**Assignment:** Reproduce only the lines below from the line containing "ライバル視点でのみ発生するプ" to the line containing "This paper establishes", exactly as written, with both end lines kept. Omit the pictures.

**Provided data:**
- - - -

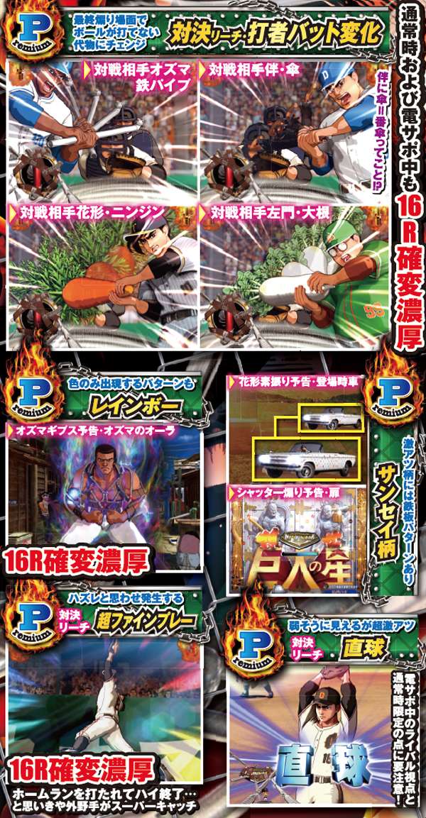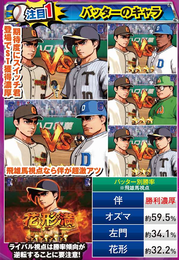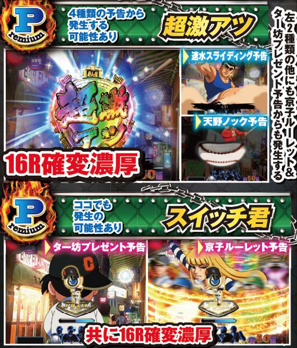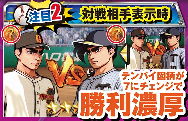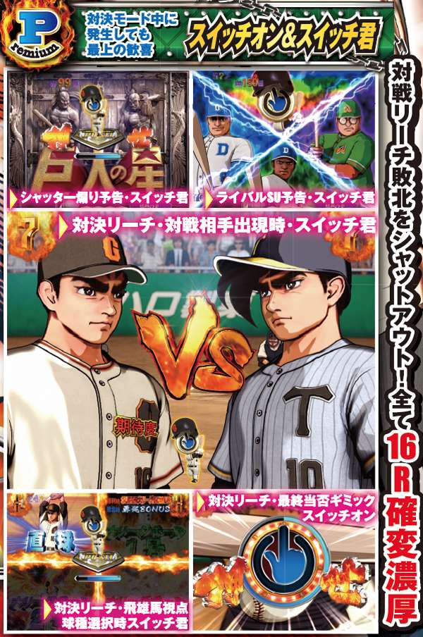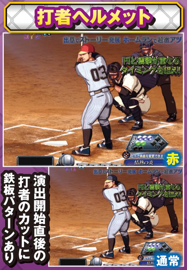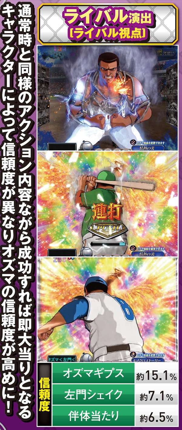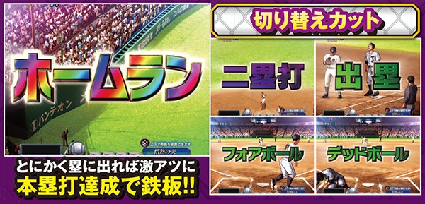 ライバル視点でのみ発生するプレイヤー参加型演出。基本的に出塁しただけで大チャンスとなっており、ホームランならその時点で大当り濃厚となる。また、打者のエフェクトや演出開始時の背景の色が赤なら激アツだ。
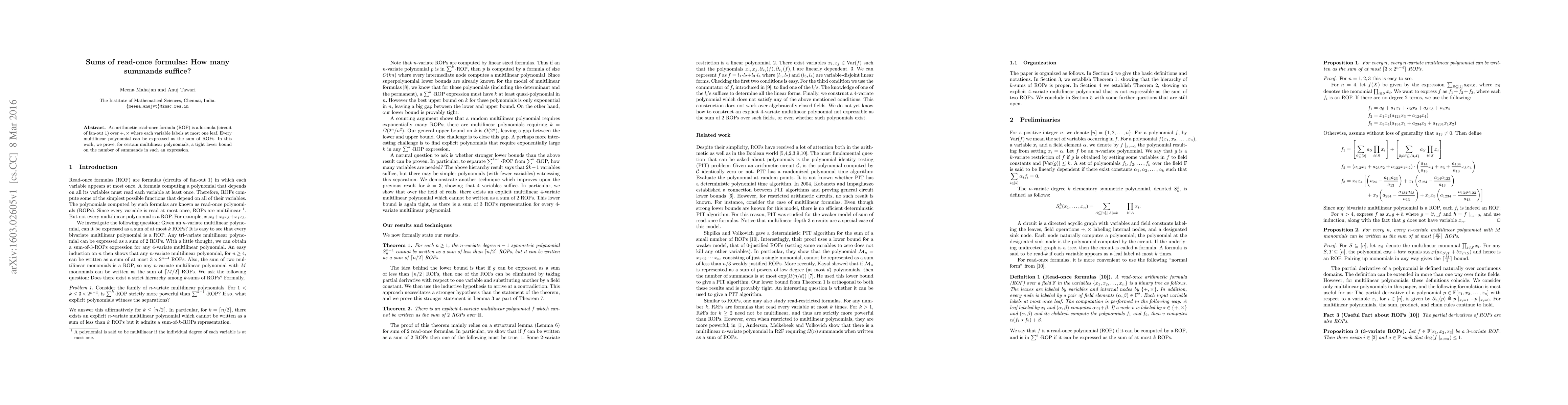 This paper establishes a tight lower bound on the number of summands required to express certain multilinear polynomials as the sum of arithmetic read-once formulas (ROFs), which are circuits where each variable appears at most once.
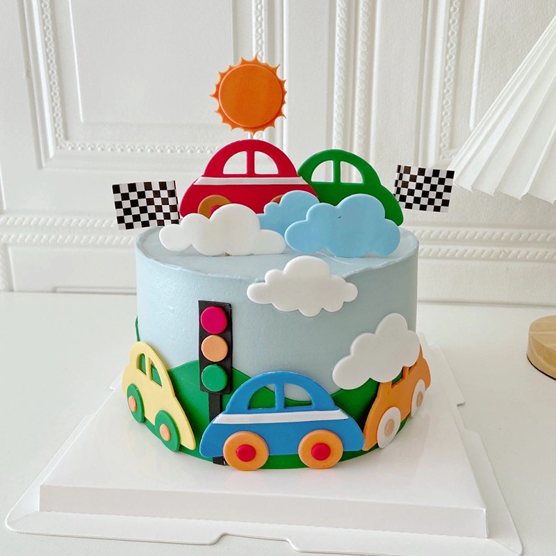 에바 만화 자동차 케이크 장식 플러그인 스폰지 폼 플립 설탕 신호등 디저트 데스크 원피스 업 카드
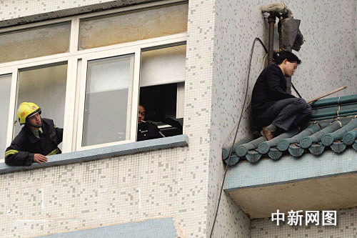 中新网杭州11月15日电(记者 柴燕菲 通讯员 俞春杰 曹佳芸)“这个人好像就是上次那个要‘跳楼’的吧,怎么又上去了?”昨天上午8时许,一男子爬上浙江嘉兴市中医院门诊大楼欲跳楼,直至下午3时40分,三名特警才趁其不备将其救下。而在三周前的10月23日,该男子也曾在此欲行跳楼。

- - - -

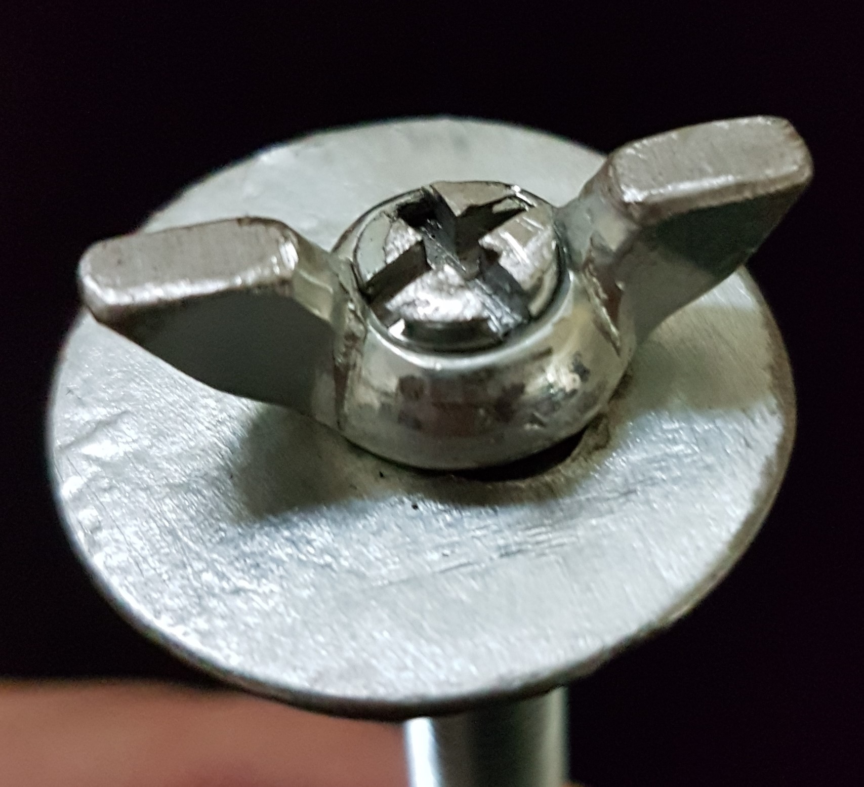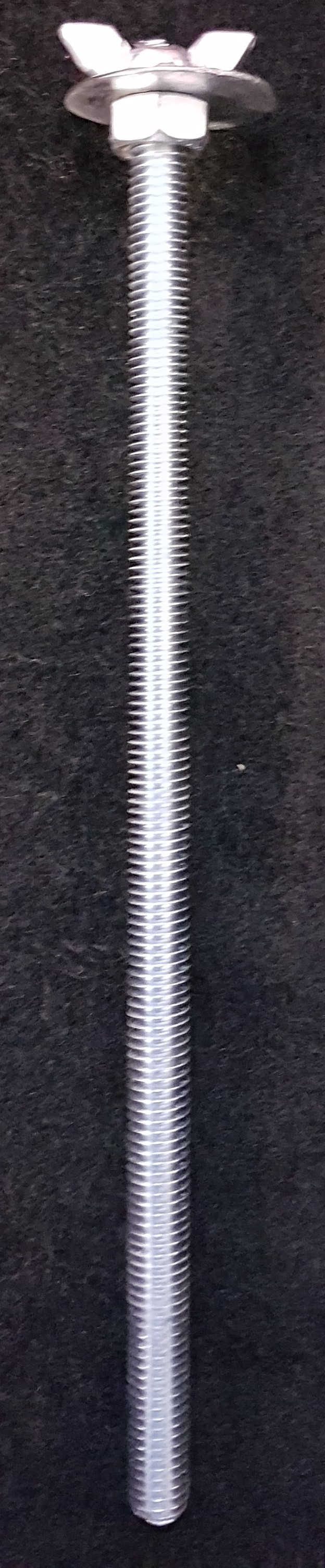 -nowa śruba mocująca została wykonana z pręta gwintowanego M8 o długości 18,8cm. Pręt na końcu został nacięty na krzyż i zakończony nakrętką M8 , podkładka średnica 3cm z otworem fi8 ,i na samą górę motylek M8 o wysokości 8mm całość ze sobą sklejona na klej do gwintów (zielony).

- - - -

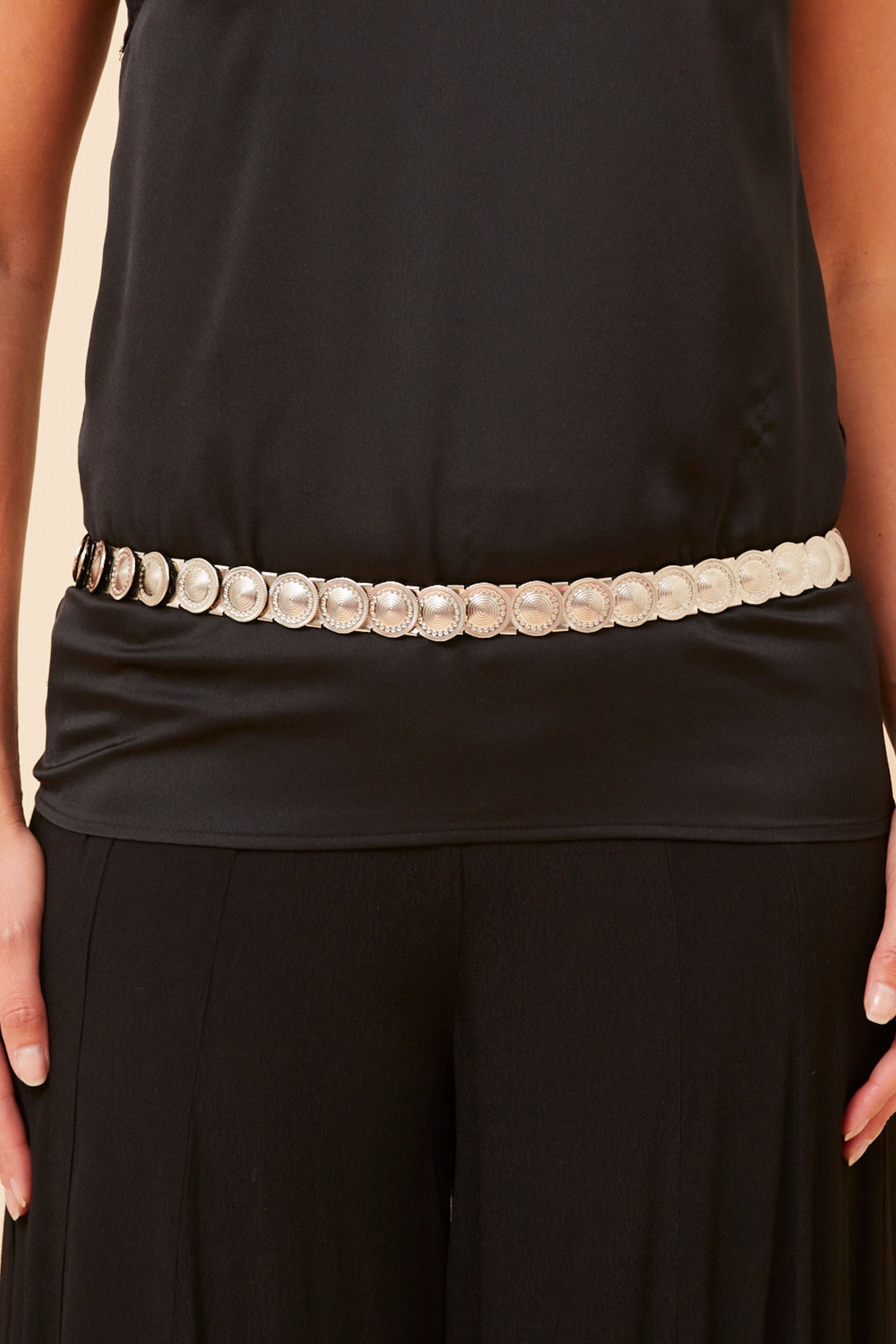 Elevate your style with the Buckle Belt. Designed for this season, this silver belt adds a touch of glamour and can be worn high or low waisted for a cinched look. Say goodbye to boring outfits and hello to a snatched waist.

- - - -

**Your solution:**
 ライバル視点でのみ発生するプレイヤー参加型演出。基本的に出塁しただけで大チャンスとなっており、ホームランならその時点で大当り濃厚となる。また、打者のエフェクトや演出開始時の背景の色が赤なら激アツだ。
 This paper establishes a tight lower bound on the number of summands required to express certain multilinear polynomials as the sum of arithmetic read-once formulas (ROFs), which are circuits where each variable appears at most once.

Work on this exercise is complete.